### Problem statement
Under this line sits a listing. Repeat exactly and only its lines from the one holding "In some cases, more" through the one holding "Feel the simplicity"; skip pictures.
......
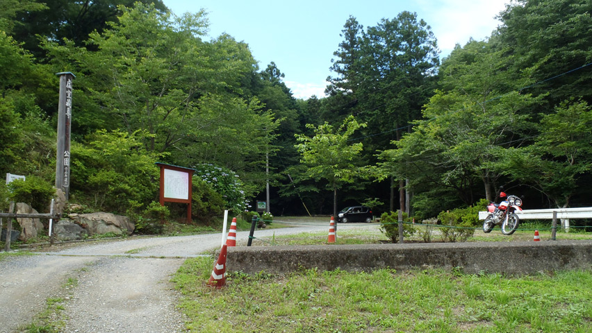 その1号柳田堰堤の上に位置する、虚空蔵尊さくら公園の駐車場。この日、公園の利用者はいないようでしたが、駐車場に停めた車で寛いでいるおじさんだけがいました。
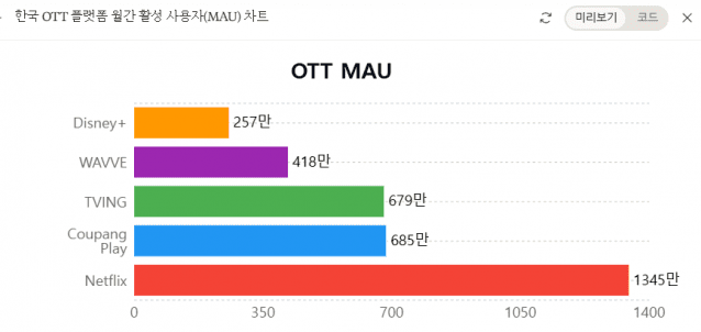 현재 디즈니플러스는 국내 주요 OTT 플랫폼 중 최하위를 기록하고 있다. 모바일인덱스에 따르면, 지난달 디즈니플러스의 월간 활성 사용자 수(MAU)는 257만 명으로 넷플릭스(1천345만 명), 쿠팡플레이(685만 명), 티빙(679만 명), 웨이브(418만 명)와 큰 격차를 보였다.
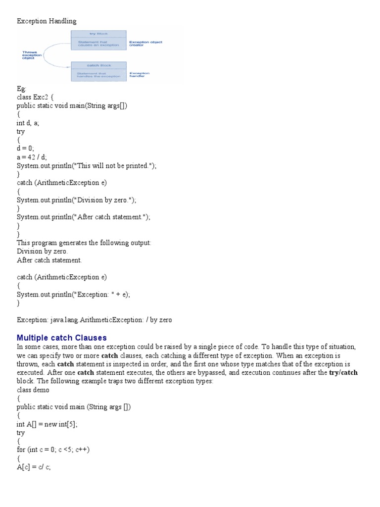 In some cases, more than one exception could be raised by a single piece of code. To handle this type of situation, we can specify two or more catch clauses, each catching a different type of exception. When an exception is thrown, each catch statement is inspected in order, and the first one whose type matches that of the exception is executed. After one catch statement executes, the others are bypassed, and execution continues after the try/catch block. The following example traps two different exception types: class demo { public static void main (String args []) { int A[] = new int[5]; try { for (int c = 0; c <5; c++) { A[c] = c/ c;
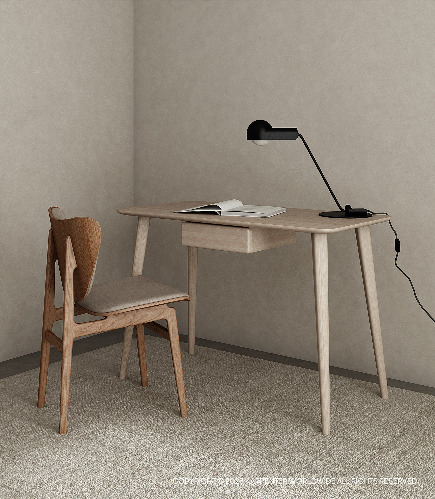 Feel the simplicity in your working area, we present Domani office desk in European White Oak. The combination of curve and straight lines is notable.
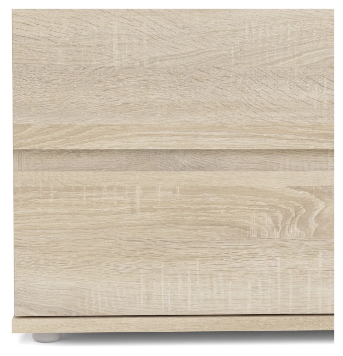 Fin og moderne kommode i lyst tre. Kommoden har fire brede skuffer i samme størrelse, samt en litt mindre skuffe øverst. Møblet passer med sitt enkle design inn i ethvert hjem.
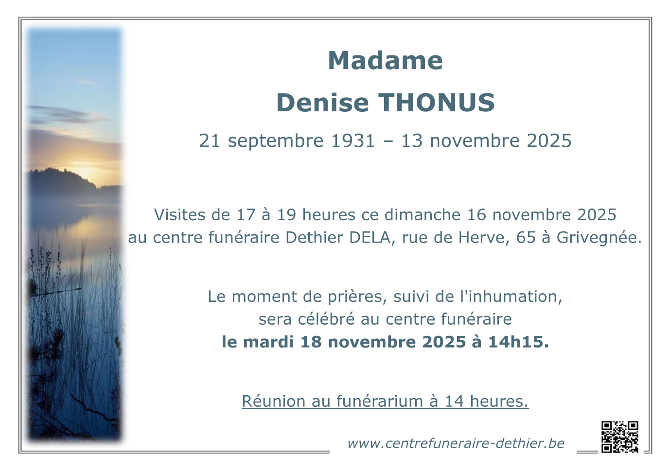 Fallecida en Liège (4000, Bélgica) el jueves, 13 de noviembre de 2025 a la edad de 94 años
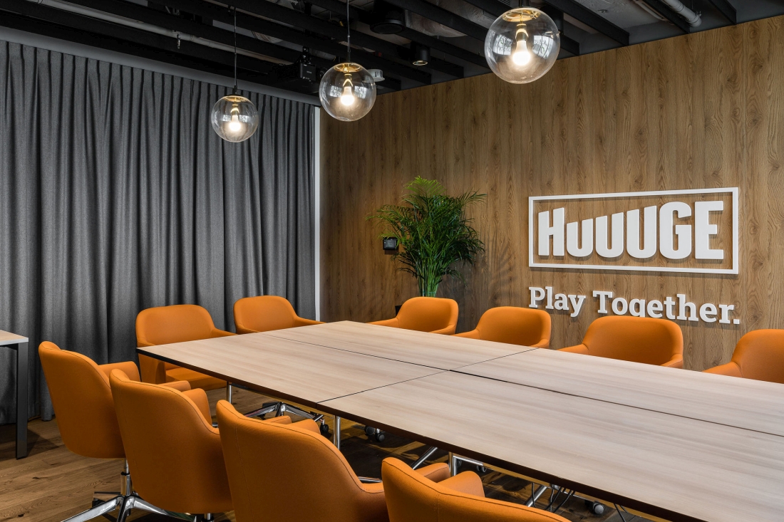 Huuuge Games to globalny producent i wydawca gier mobilnych, zaprojektowanych w oparciu o motto firmy „grajmy razem”. Ich społeczny charakter opiera się przede wszystkim na umożliwieniu graczom rozmawiania, grania i rywalizacji między sobą w czasie rzeczywistym. Do flagowych tytułów marki należy Huuuge Casino i Billionaire Casino. Koncepcja grania razem z innymi, która ma kluczowe znaczenie dla podejścia firmy do projektowania gier, stała się też podstawą aranżacji biura firmy w centrum Warszawy, za które odpowiadają architekci z BIT CREATIVE. Urządzone w stylu soft-loft, na wzór typowych przestrzeni dla start-upów, sprzyja kreatywnej pracy, ale też budowaniu minispołeczności wśród pracowników.
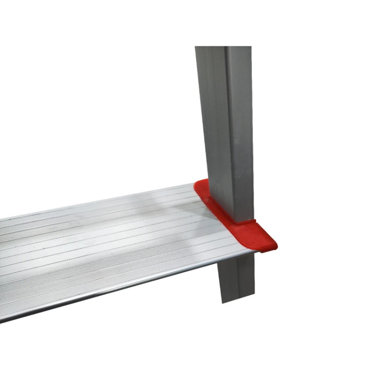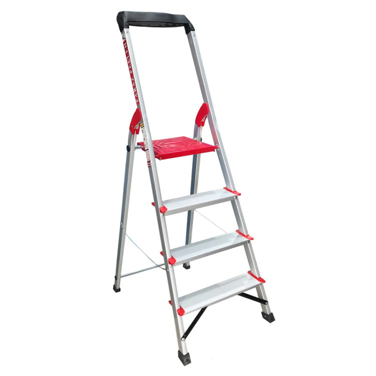 نردبان 4 پله فراز پله مدل زمرد فراز پله یک محصول مقاوم، سبک و با دوام است. برای انجام کارهای عمومی در منازل و کارگاهها بسیار مناسب است.نردبان زمرد را میتوان یکی از بهترین نردبانهای آلومینیومی تولید داخل دانست، باآنکه بسیاری از برندهای معتبر نردبانهای آلومینیومی خانگی تولید میکنند و همهی آنها شباهت بسیار زیادی باهم دارند اما نردبان زمرد که تولید شرکت قدیمی و شناس فراز پله است و نردبانی است که در این چندین سال امتحان خود را در بین مردم پس داده است. وزن بسیار کم این نردبان موجب شده که جابجایی و حمل و نقل آن بسیار آسان باشد. کفپوش عایق و عاج دار روی پلهها از سر خوردن کاربر جلوگیری می کند. همچنین پهن تر بودن سطح پلههای این نردبان با عرض 10 سانتی متر آن را از سایر نردبان های مشابه متمایز ساخته و باعث می شود هنگام استفاده احساس خستگی نکنید و همچنین پله آخر این نردبان پهن تر از سایر پله ها است برای جا پا بهتر و طول و عرض این پله هم 25 سانتیمتر است. همچنین وجود کفپوش لاستیکی برای پایههای نردبان باعث حفاظت از سطح زیرین مثل فرش، موکت و پارکت میشود. طراحی این نردبان به گونه ای است که بدون لرزش بوده و حداکثر ایمنی را برای کاربر فراهم می کند.بالای نردبان دارای جای ابزار بوده و میتوانید ابزار هایی مانند دریل و پیچ گوشتی و ... در آن قرار دهید.همچنین دستهی بزرگی برای حفظ تعادل نیز دارد که کار شما را در هنگام استفاده از نردبان را بسیار آسان میکند.اتصالات بهکار رفته در ساخت این نردبان خانگی، اتصالات پرچی است که خیال شما را بابت خراب شدن آسوده میسازد زیرا اتصالات پرچی حد دوام بسیار بالایی دارند و هر دو پایه با مفتول به هم وصل هستند تا مقاومت نردبان را بالا ببرند.مواد پلاستیکی بکار رفته در نردبان از نوع PVC و مواد آلومینیوم از نوع درجه یک هستند و نردبان تا حداکثر 130 کیلوگرم تحمل وزن دارد.
......
### Answer below
 In some cases, more than one exception could be raised by a single piece of code. To handle this type of situation, we can specify two or more catch clauses, each catching a different type of exception. When an exception is thrown, each catch statement is inspected in order, and the first one whose type matches that of the exception is executed. After one catch statement executes, the others are bypassed, and execution continues after the try/catch block. The following example traps two different exception types: class demo { public static void main (String args []) { int A[] = new int[5]; try { for (int c = 0; c <5; c++) { A[c] = c/ c;
 Feel the simplicity in your working area, we present Domani office desk in European White Oak. The combination of curve and straight lines is notable.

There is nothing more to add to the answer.